### [Problem to solve]
Which lines run from the one containing "10月10日下午,申万宏源证" through the last line of the records? Copy them exactly, leaving pictures out.

### [Materials provided]
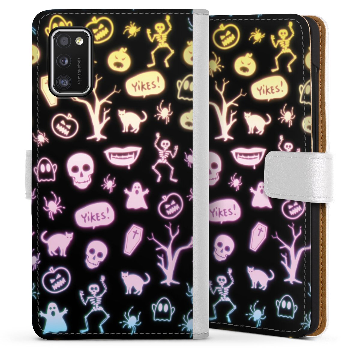 For our Sideflip Case we are using our advanced direct printing technology. The back and frontside are fully printabale, the inside of the phone bag is left unprinted. You can order the phone case without print, printed completely or also with a partial print.
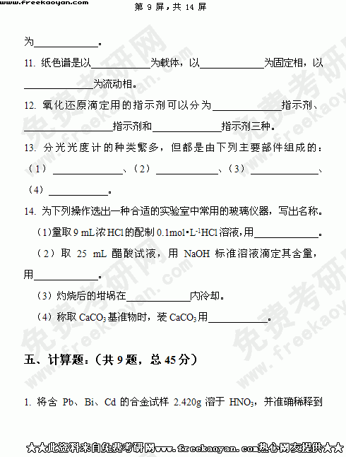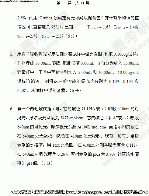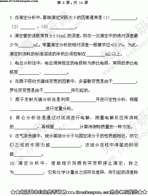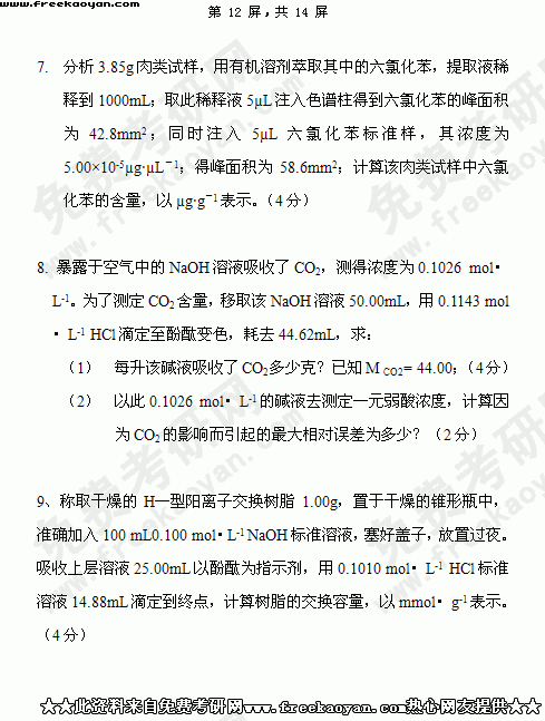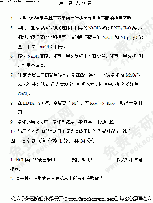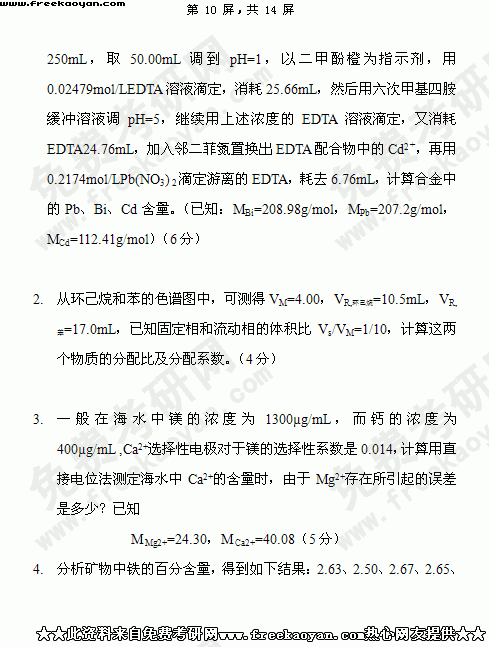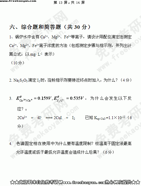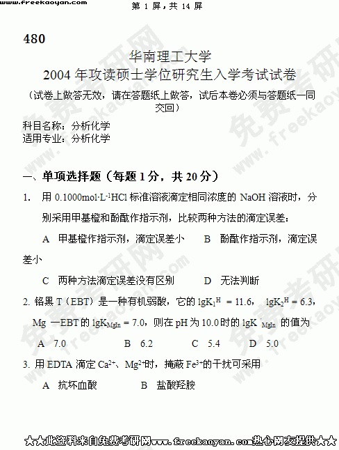 华南理工大学2004年考研真题-分析化学
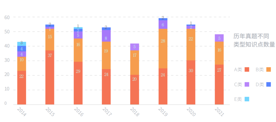 分析不同类型知识点考察数量可知,司法部每年命题还是很固定的,AB类知识点基本每年都固定占70-80%,DE类知识点几乎不考,不会出现哪一年全考偏的情况,并且我们对考点的分类和标签是正确的,基本和司法部一致,在往年试卷中形成规律性分布。
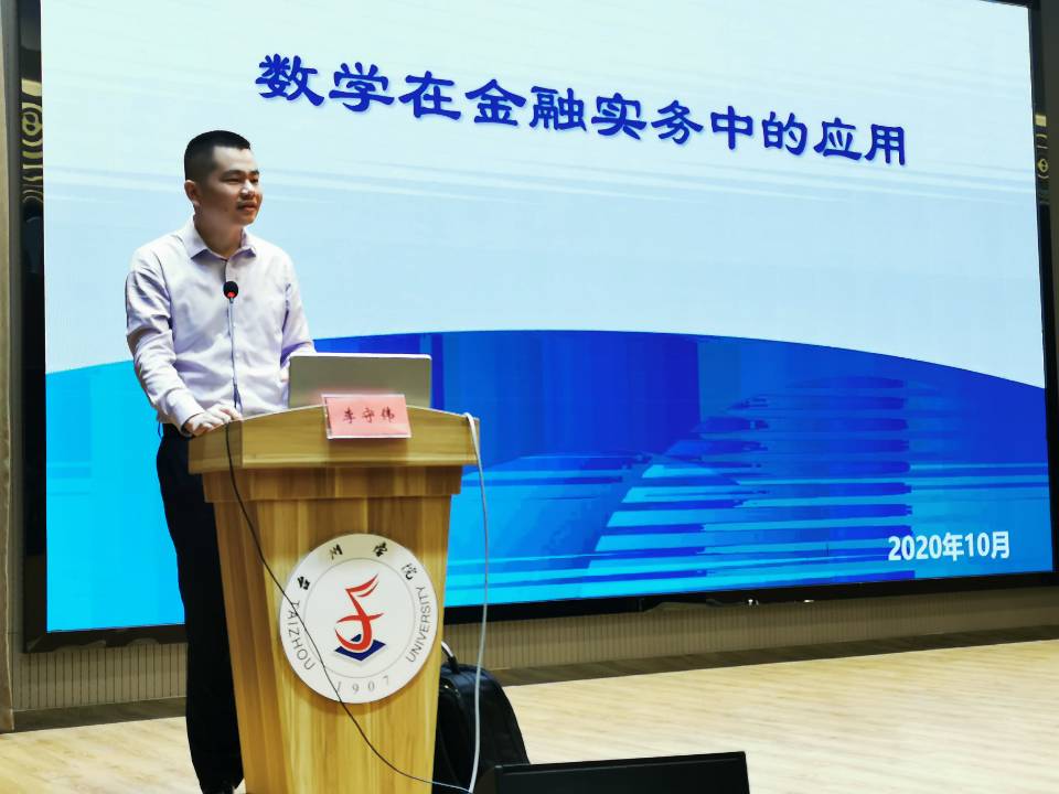 10月10日下午,申万宏源证券风险管理总部总经理助理、证券投资委员会委员李守伟先生为商学院金融学专业全体师生作“数学在金融实务中的应用”学术报告,商学院副院长陈国栋出席报告会。
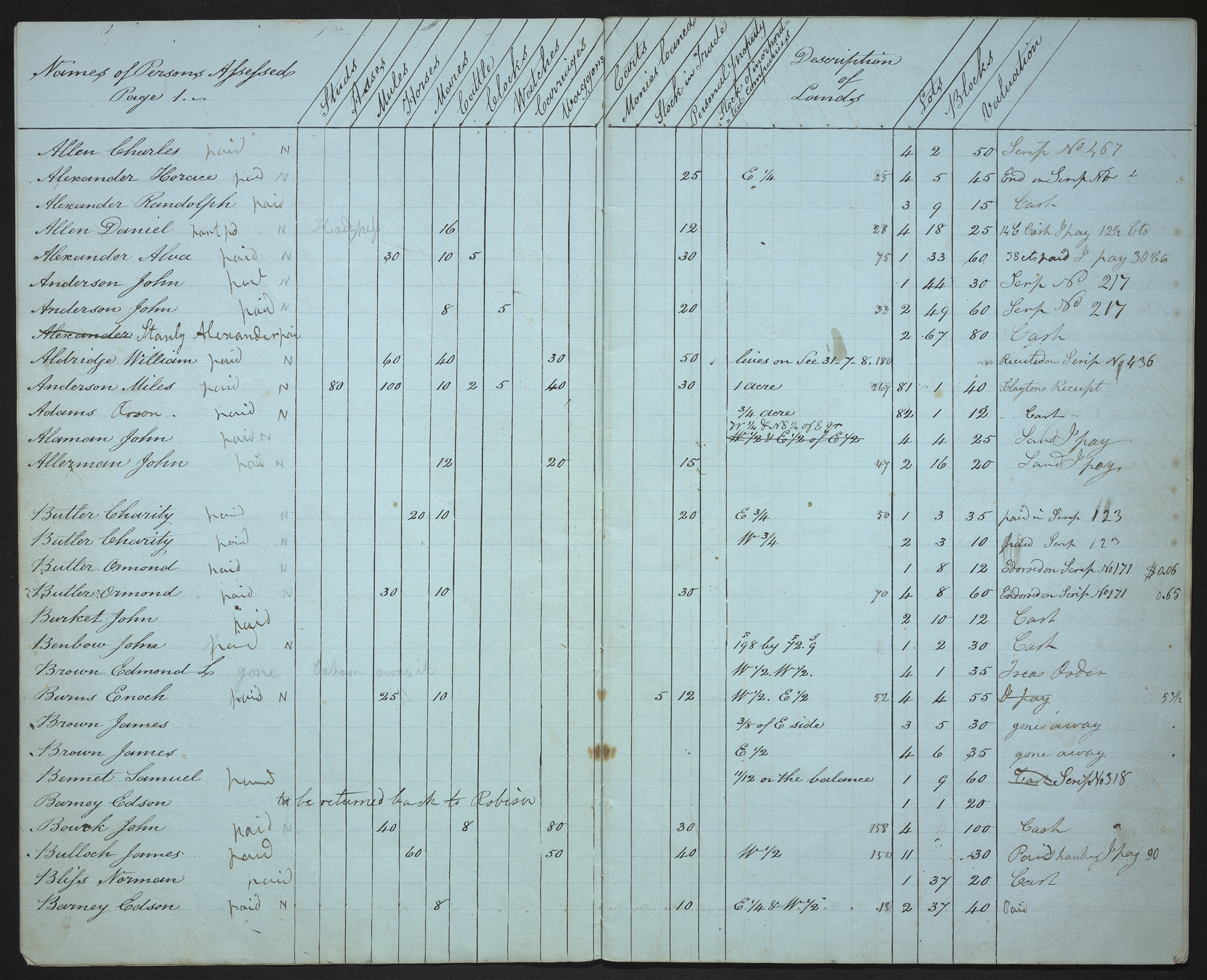 | Names of Persons Assessed Page 1 | Studs | Asses | Mules | Horses | Mares | Cattle | Clocks | Watches | Carriages | Waggons | Carts | Monies loaned | Stock in Trade | Personal Property | Stock of incorporated companies | Description of Lands | Lots | Blocks | Valuation | |
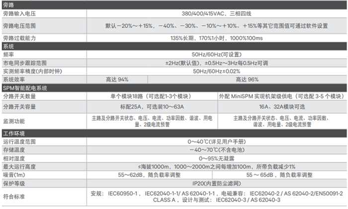 * 便于维护:模块化,热插拔,全正面维护,UPS、旁路、配电均可在2min内维修更换
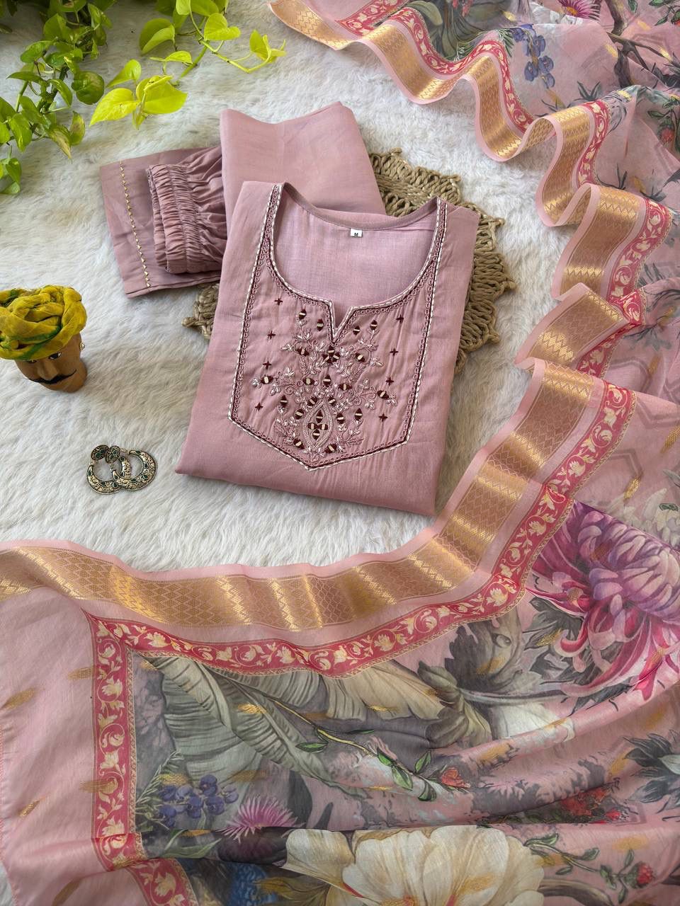 ⭐ No reviews yetA Line Lavender Mul Chanderi Kurti Pant Dupatta Set
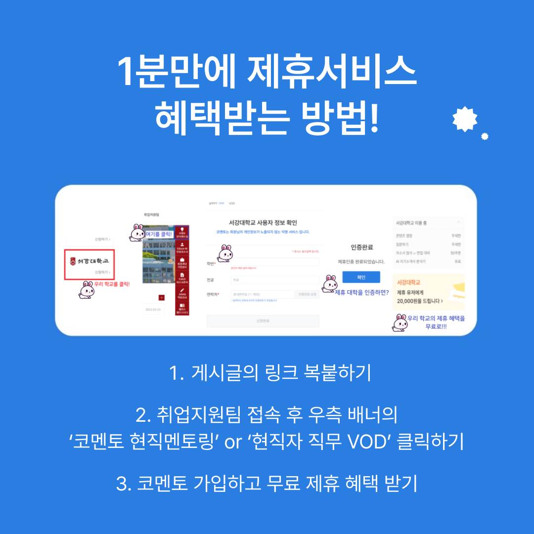 - 이벤트 기간 내 제휴 전환을 하지 않았더라도 서강대 학생으로 코멘토를 가입했음을 인증하면 이벤트에 참여할 수 있습니다.

### [Response to the task]
 10月10日下午,申万宏源证券风险管理总部总经理助理、证券投资委员会委员李守伟先生为商学院金融学专业全体师生作“数学在金融实务中的应用”学术报告,商学院副院长陈国栋出席报告会。
 | Names of Persons Assessed Page 1 | Studs | Asses | Mules | Horses | Mares | Cattle | Clocks | Watches | Carriages | Waggons | Carts | Monies loaned | Stock in Trade | Personal Property | Stock of incorporated companies | Description of Lands | Lots | Blocks | Valuation | |
 * 便于维护:模块化,热插拔,全正面维护,UPS、旁路、配电均可在2min内维修更换
 ⭐ No reviews yetA Line Lavender Mul Chanderi Kurti Pant Dupatta Set
 - 이벤트 기간 내 제휴 전환을 하지 않았더라도 서강대 학생으로 코멘토를 가입했음을 인증하면 이벤트에 참여할 수 있습니다.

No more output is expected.